> WORK TO BE COMPLETED
The response should contain all of the data below, reproduced exactly, and no pictures.

━━━━━ DATASET EXCERPT ━━━━━

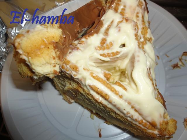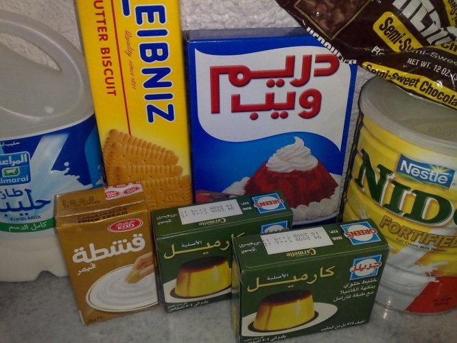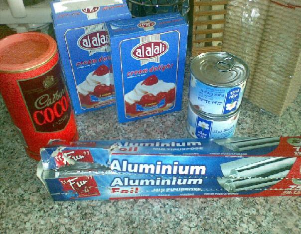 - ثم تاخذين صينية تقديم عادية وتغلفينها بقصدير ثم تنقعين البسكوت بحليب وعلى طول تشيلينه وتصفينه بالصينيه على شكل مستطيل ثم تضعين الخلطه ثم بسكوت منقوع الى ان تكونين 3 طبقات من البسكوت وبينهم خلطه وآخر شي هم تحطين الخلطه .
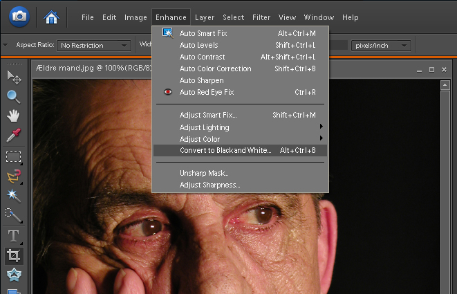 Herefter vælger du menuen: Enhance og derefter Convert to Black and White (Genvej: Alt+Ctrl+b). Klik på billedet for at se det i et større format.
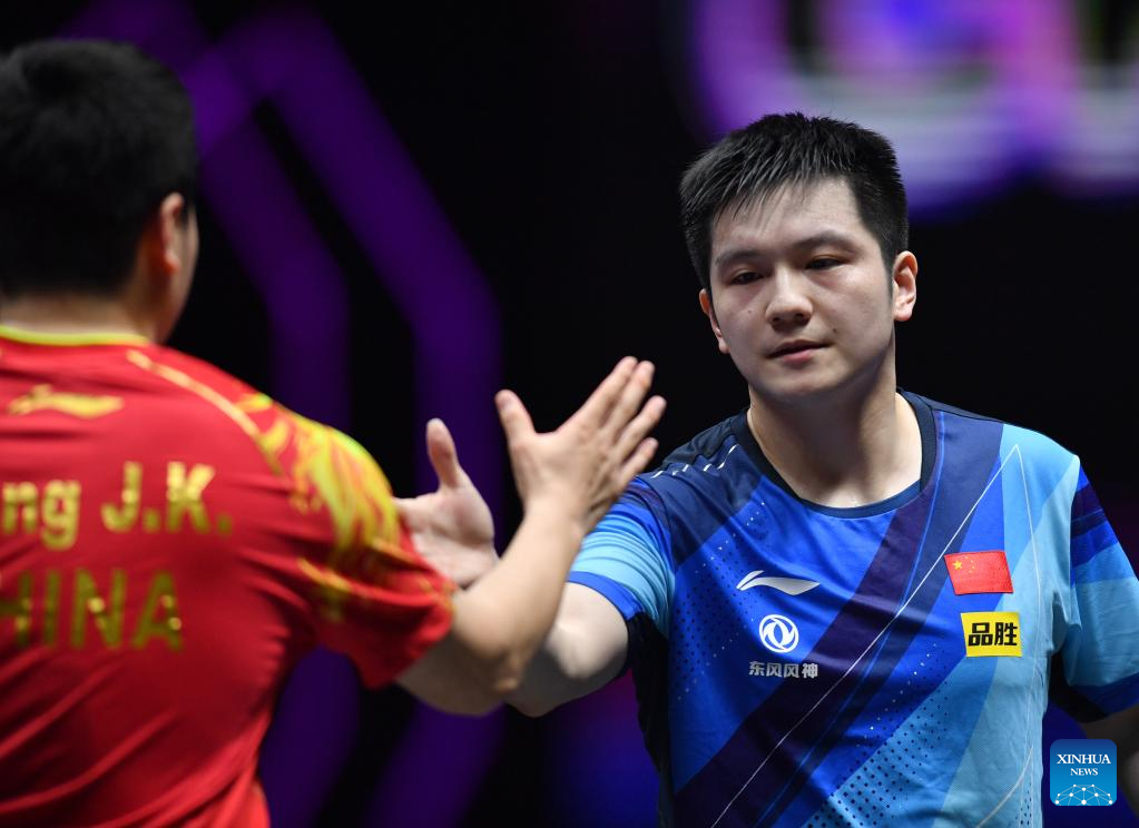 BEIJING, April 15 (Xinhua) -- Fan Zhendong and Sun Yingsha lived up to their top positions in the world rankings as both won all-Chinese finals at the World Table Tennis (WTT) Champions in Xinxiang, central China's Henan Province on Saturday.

━━━━━

> SOLUTION
 - ثم تاخذين صينية تقديم عادية وتغلفينها بقصدير ثم تنقعين البسكوت بحليب وعلى طول تشيلينه وتصفينه بالصينيه على شكل مستطيل ثم تضعين الخلطه ثم بسكوت منقوع الى ان تكونين 3 طبقات من البسكوت وبينهم خلطه وآخر شي هم تحطين الخلطه .
 Herefter vælger du menuen: Enhance og derefter Convert to Black and White (Genvej: Alt+Ctrl+b). Klik på billedet for at se det i et større format.
 BEIJING, April 15 (Xinhua) -- Fan Zhendong and Sun Yingsha lived up to their top positions in the world rankings as both won all-Chinese finals at the World Table Tennis (WTT) Champions in Xinxiang, central China's Henan Province on Saturday.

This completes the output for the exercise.